European regulations need to adapt
Henke of GBE Prime, which offers institutional liquidity to brokers, banks, funds and asset managers, argues that Europe needs restrictions that are more flexible and can adjust to different ratios of possible leverage worldwide.
“Especially in Europe, the landscape for brokers has changed in such a way that private customers can no longer be offered a certain flexibility for higher leverage and are therefore looking for brokers on non-European continents.
Whilst Henke believes that EU regulator ESMA has brought some sensible changes, such as regulation regarding best execution, but the basic idea of reducing leverage has, overall not been good for clients.
“Because it pushed them into the offshore business. So, since 2018, customer protection for Europeans has deteriorated because customers turn to brokers in other countries in their search for higher leverage and operate there without such protection. This means that there is also a significant loss of customers in the direction of Asia, Africa, Australia, etc… I would like to emphasize that GBE brokers does not have offshore structures, as we are focused on German speaking retail clients and institutional clients in general.”
GBE Prime: ESMA has weakened Europe
During his interview with Finance Magnates, Henke went as far as to say that the product intervention measures implemented by ESMA have weakened Europe’s status as a location for business.
“The last regulations have weakened the business location Europe.
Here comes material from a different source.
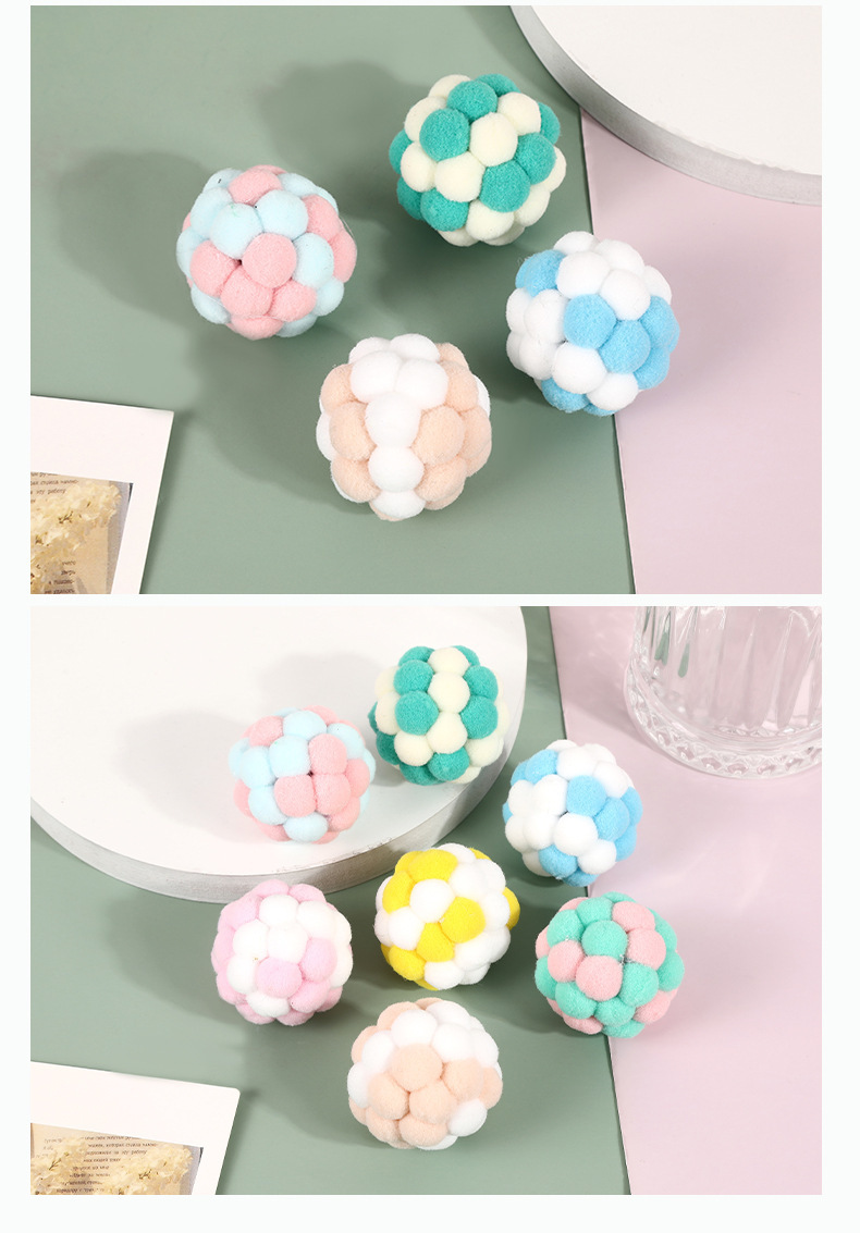 고양이 마카롱 봉제 공 장난감 애완 동물 탄성 벨 당 공 셀프 안녕 공 테이 고양이 화려한 양모 공

The alternative to this would be equal rights between all countries worldwide. Either in such a way that all higher levers are reduced or those in Europe are increased again. The main thing is that a balanced market situation prevails and nobody is further disadvantaged,” Henke elaborated.
“I simply hope that the regulations will focus on customer needs in the future. This naturally includes, in addition to security for the capital and excellent execution times, better information about customer risks and obviously higher leverage, because that is what the customer desires.”
The downside of COVID-19
As Finance Magnates has reported extensively, overall, brokers within the forex and CFD industry have benefitted from the coronavirus pandemic, with heightened volatility resulting in increased trading activity.
This, in turn, has lead to stronger volumes and revenues for brokers. However, according to Henke, the pandemic has not been without its downsides.
“Economically, I personally do not know any broker who made a bad deal during the pandemic or who would complain about a significant increase of the trading volume in the industry nor a high volatility,” Henke continued.
“Of course there are also some negative effects, for example the now missing personal customer contact, which is currently only possible via online platforms, telephone or email. Furthermore, the active customer acquisition through exhibitions, which exist online but works much better face to face.”